Чувство внутреннего разлада особенно беспокоило Игната в дни выдачи премии. Не зарплаты, а премии. Он получал ее каждый месяц за перевыполнение норм. И это вызывало ощущение горького стыда. «Они неведомо куда загнали твоего сына, на их совести смерть твоей невестки, а ты получаешь от них премии. Вот так отец!» Но при всем этом он чувствовал, что в его сомнениях нет основательности. Такова была его крестьянская натура. Она требовала оплаты за труд, и если ее получали другие, то не было причины отказываться и ему. Впрочем, он не только считал своей обязанностью получать за всякую работу. Не работали — все равно поплачивай! И он был до злости доволен, когда получал эти простойные деньги. Так и надо плохим хозяевам. Сами же выдумали свои законы. Платить за то, что сработано, и за то, что сидели и ни черта не делали! Но не было в нем злобы на жизнь, желания отомстить за гибель невестки, за сына, за себя. В недавнем прошлом существовал Игнат Тарханов, которого несправедливо выслали из Пухляков, обидели, превратили в беглеца. И был другой Игнат Тарханов, которому дали работу, о котором заботятся и даже оказывают почет, как рабочему человеку. Одного Тарханова в нем бьют, а другого пестуют. В общем, получалось так, что все, что делалось вокруг, было для таких, как он, но не для него. И если вообще забыть того Игната, который бежал из обоза раскулаченных, то он, Игнат Тарханов, — ничего не скажешь — настоящий человек!

И личная жизнь Игната оказалась вдруг полна противоречий. Жизнь человека — это прежде всего семья. А он как живет? Лизавета хотя и любит его, но не жена. Нет, она не против, чтобы стать его женой. И ему женщины лучше не надо. Но вот беда. Не один месяц прожили, а Лизавета не понесла. И раньше не было у нее детей. А какая же это семья без детей? Но разве может он уйти от той, которую любит и которая приютила его в эту тревожную, трудную пору? Он знал, чего нельзя делать, но не знал, что надо делать...

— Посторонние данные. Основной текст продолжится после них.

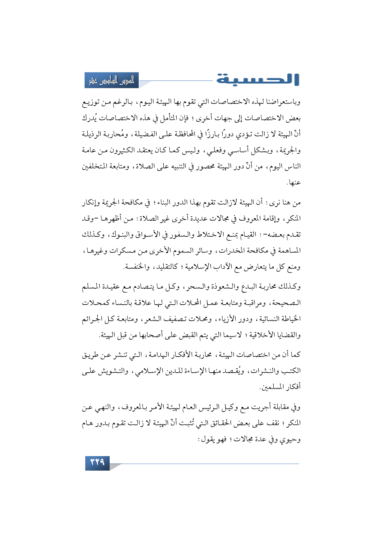 وفي مقابلة أجريت مع وكيل الرئيس العام لهيئة الأمر بالمعروف والنهي عن المنكر؛ نقف على بعض الحقائق التي تُثبت أنّ الهيئة لا زالت تقوم بدور هام وحيوي وفي عدة مجالات؛ فهو يقول:
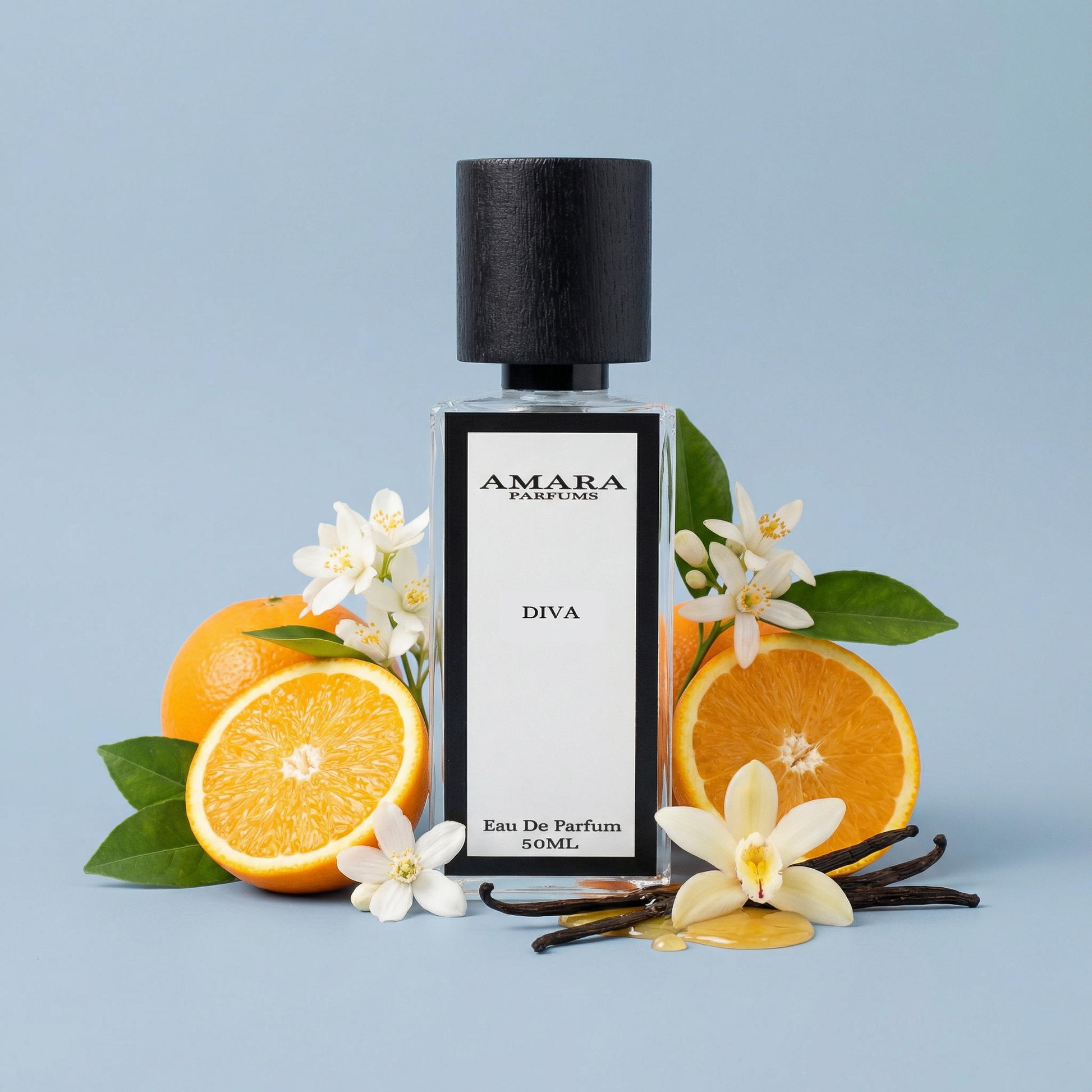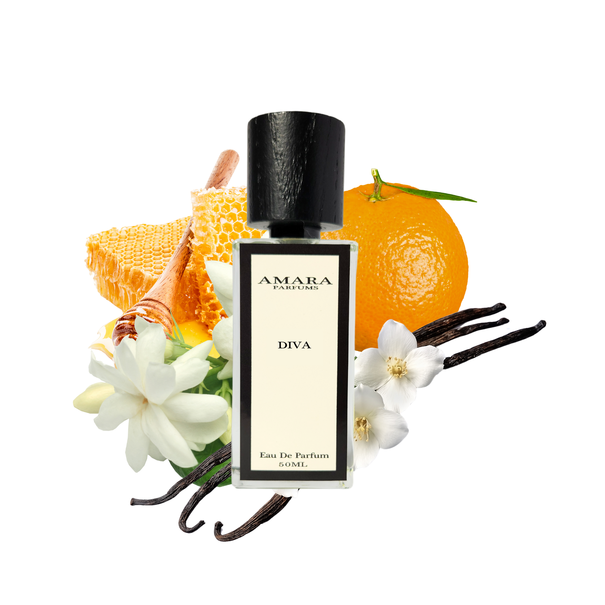 Diva is elegant, seductive, and effortlessly powerful, a fragrance that celebrates femininity with depth and warmth. It opens with bitter orange and sweet orange layered with jasmine, creating a luminous citrus-floral introduction. The heart blooms with orange blossom, jasmine sambac, and a touch of ginger, adding sensual richness and gentle spice. As it settles, honey, vanilla, and sandalwood form a creamy, enveloping base that lingers beautifully on the skin. Sophisticated and alluring, Diva is timeless glamour with a modern edge.

Летним вечером прямо с комбината он зашел в Дом малютки. Танюшка, вот кто устроит его жизнь. Ради нее есть смысл построить новый дом, она сделает вполне оправданным его брак с Лизаветой и сохранит ему Лизавету. Как он раньше об этом не подумал?

Ему принесли девочку в сад.

Какая у него внучка! Чернявая, вся в мать. Нет, не только в мать. Она и в Василия, значит, и в него, в деда. Такая же размашистая бровь и глазенки серые, с грустинкой смотрят не на тебя, а куда-то далеко. Он подхватил ее, осторожно поцеловал под ушко, в черные завитки волос, и счастливо засмеялся.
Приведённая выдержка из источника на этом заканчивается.